* [Dataset excerpt]
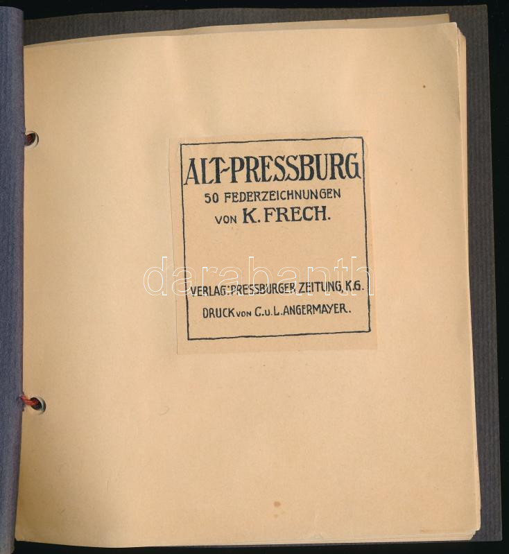 1926 Alt Pressburg (Pozsony, Felvidék), K. Frech 50 db tollrajza, nyom... https://www.darabanth.com/en/43-Major-auction/43.1/Art-sculptures-paper-and-other-collectibles/Printed-Materials~17566/1926-Alt-Pressburg-Pozsony-Felvidek-K-Frech-50-db-tollrajza-nyomat-egyenkent-beragasztva-k~II3233417
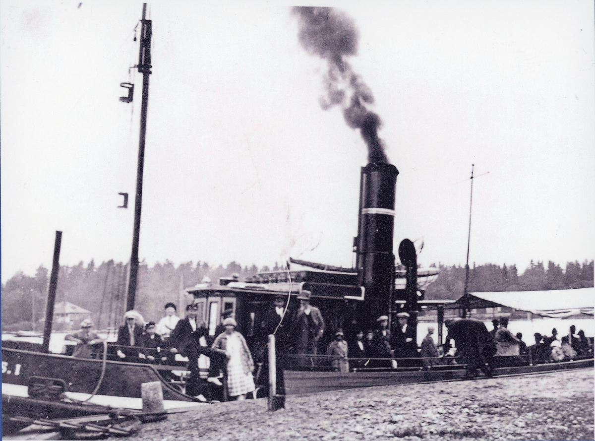 Ångbåten "Korsnäs I:an" vid Kastbryggan med många passagerare ombord.
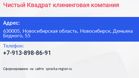 Чистый Квадрат, клининговая компания по адресу 630005, Новосибирская область, Новосибирск, Демьяна Бедного, 55 в дальнейшем Организация, размещена в следующих категориях:

* [Task goal]
Please return the material above unchanged, with every picture removed.

* [Solution to this problem]
 1926 Alt Pressburg (Pozsony, Felvidék), K. Frech 50 db tollrajza, nyom... https://www.darabanth.com/en/43-Major-auction/43.1/Art-sculptures-paper-and-other-collectibles/Printed-Materials~17566/1926-Alt-Pressburg-Pozsony-Felvidek-K-Frech-50-db-tollrajza-nyomat-egyenkent-beragasztva-k~II3233417
 Ångbåten "Korsnäs I:an" vid Kastbryggan med många passagerare ombord.
 Чистый Квадрат, клининговая компания по адресу 630005, Новосибирская область, Новосибирск, Демьяна Бедного, 55 в дальнейшем Организация, размещена в следующих категориях:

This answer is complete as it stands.